The original score's orchestrations were done by Doyle, Shearman, and Lawrence Ashmore.

=== Ivor Novello Songs ===

Actor Jeremy Northam, who portrayed Welsh composer and musical theatre performer Ivor Novello in the film, recorded several Novello theatre songs for the soundtrack. In the film, Novello (as played by Northam) is featured singing four of these compositions while accompanying himself at the piano during a dinner party. For the soundtrack recording, Northam was accompanied on the four dinner party songs by classical pianist Christopher Northam, his older brother. In addition, Northam recorded Novello's song "The Land of Might-Have-Been" for the soundtrack in an orchestral arrangement that also featured Christopher Northam's piano.

In addition to the vocal performances, Christopher Northam recorded Novello's "Waltz of My Heart" as a piano solo for the soundtrack.

==Critical response==
The film review website SoundtrackNet reviewed the soundtrack positively.
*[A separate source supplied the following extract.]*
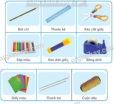 Em hãy sử dụng vật liệu và dụng cụ dưới đây để làm diều giấy.
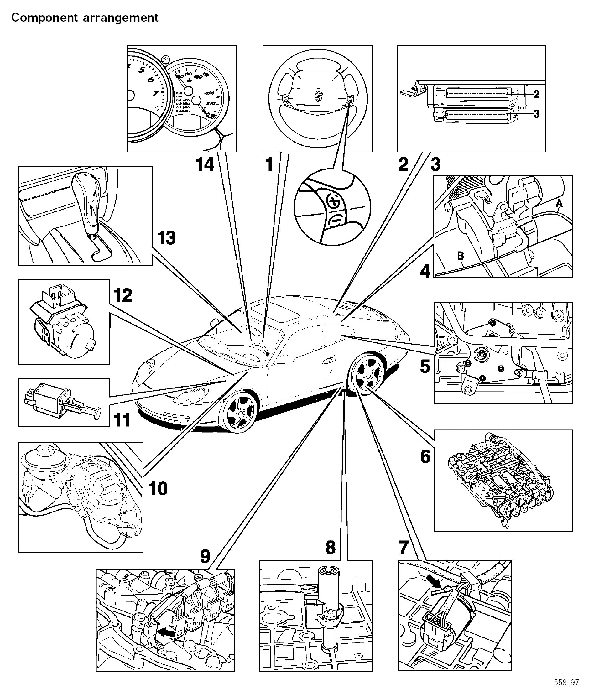 The Tiptronic control module is the information and command centre of the entire system. From a large volume of incoming information (measured variables), which are compared with stored driving and shifting programs, the Tiptronic control module selects the characteristic suitable for the type of driving and sends commands to the transmission to shift or not to shift.

The critic, Glenn McClanan, praises Doyle's scoring as "effective and surprisingly well-developed." He goes on to say that the score was intended mainly for two purposes: to give the audience a sense of the film's setting and to impart to the audience a sense of emotion, and that the film is successful in both endeavours.

==Track listing==
All music composed by Patrick Doyle, except as follows:
- 1, 6, 10, 11, 19, and 24 are songs with music composed by Ivor Novello and lyrics as noted in credits below.
- 16 and 20 are songs with music composed by Patrick Doyle and lyrics as noted in credits below.

Jeremy Northam's vocal performances are accompanied by Christopher Northam, piano.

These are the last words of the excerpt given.